I am impressed with it so far but obviously have not even scratched the surface. Can't wait to get into it more!


----------



## Sodapop (Aug 24, 2013)

clee01l said:


> NIK installs mostly as a Edit-In function and appears in the Edit-In submenu. The exception to that is HDR Efex Pro which is installed as an Export plugin (since it acts upon multiple files at once).  The HDR Efex package does not require much in the way of disk space.

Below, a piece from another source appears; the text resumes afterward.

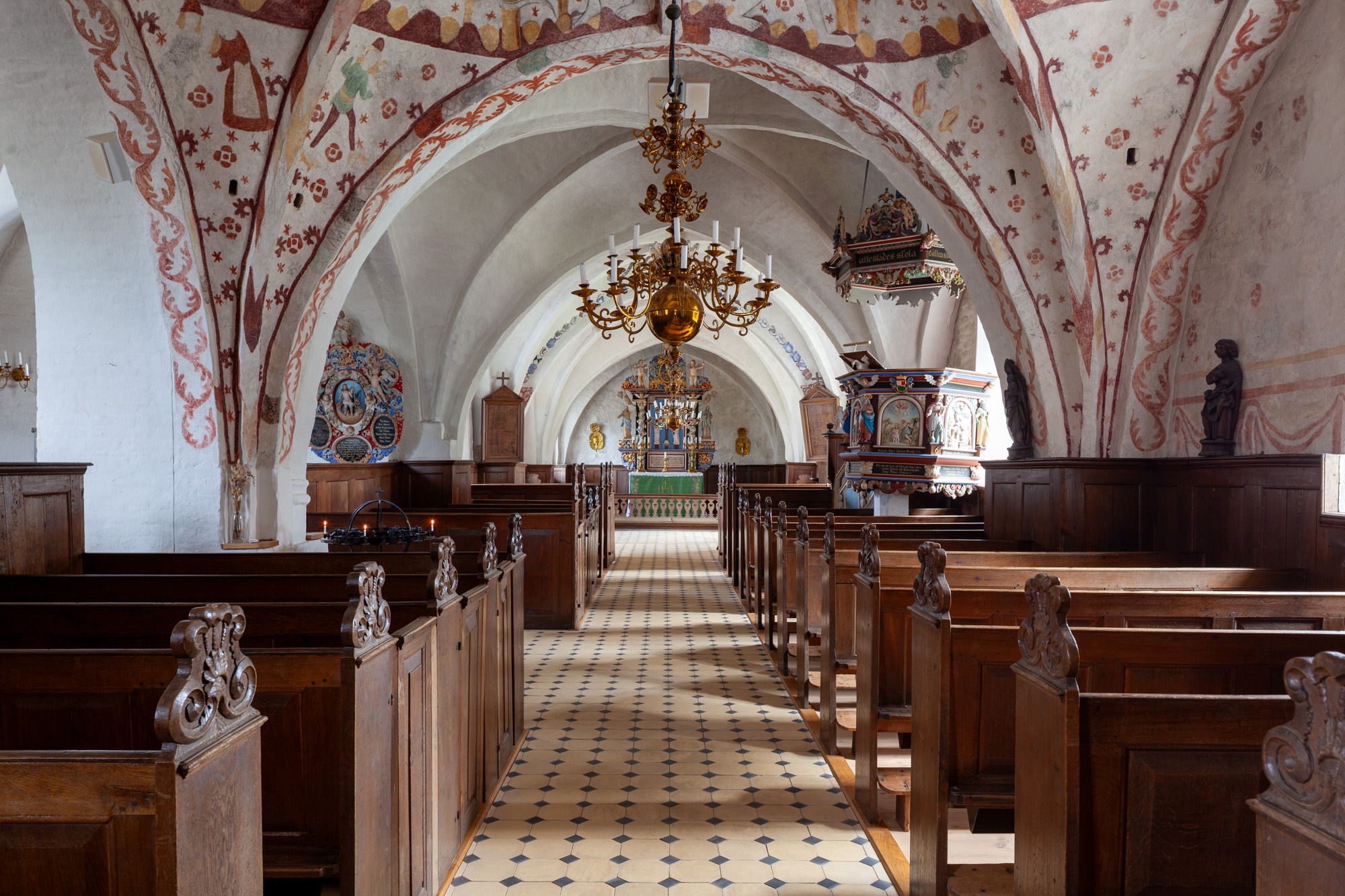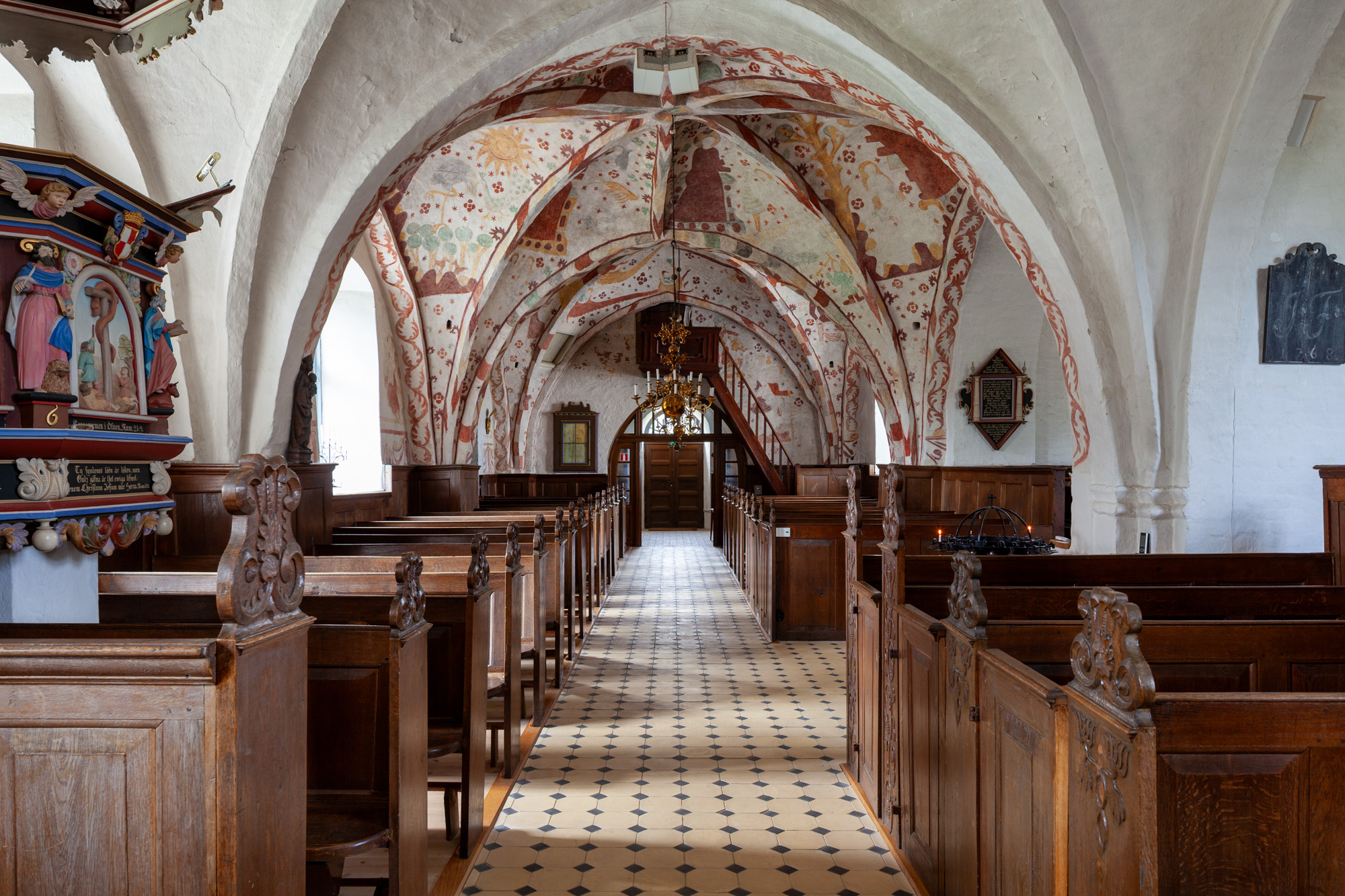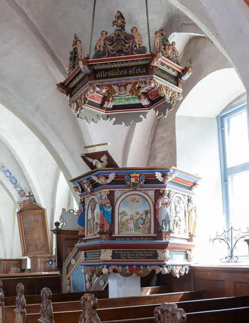 Prædikestolen fra 1696 er udført af Gustaf Kilman.

Got nik and looks like a real god plugin. Just wondering, Silver Efex Pro 2 is really slow to respond when an adjustment is made. Anyone know why?

as ever

soda


----------



## Adam (Aug 24, 2013)

I just used all of the default settings and didn't have any issues. I can't think of why Silver Efex Pro 2 would be slow. Maybe someone else has some ideas?


----------



## Sodapop (Aug 24, 2013)

Thanks for the response Adam and all else. I think I' am going to start a new thread since this one is getting old and off the original question/statment.


----------



## Sodapop (Oct 16, 2013)

*Silver Efex works!*



Sodapop said:


> Working witth silver efex pro 2. It is not responding. worked ok once now just a grayed out screen and a "not responding" message. Help please!
> 
> Edited post. Sent from panel instead of grid and it worked. Is this normal.? And I promise I will get a book!
> 
> soda




Thanks for all who responded to this thread. I found the problem and it is solved. It was my old slow computer. Got a new computer and all is well!

Respectfully

soda


----------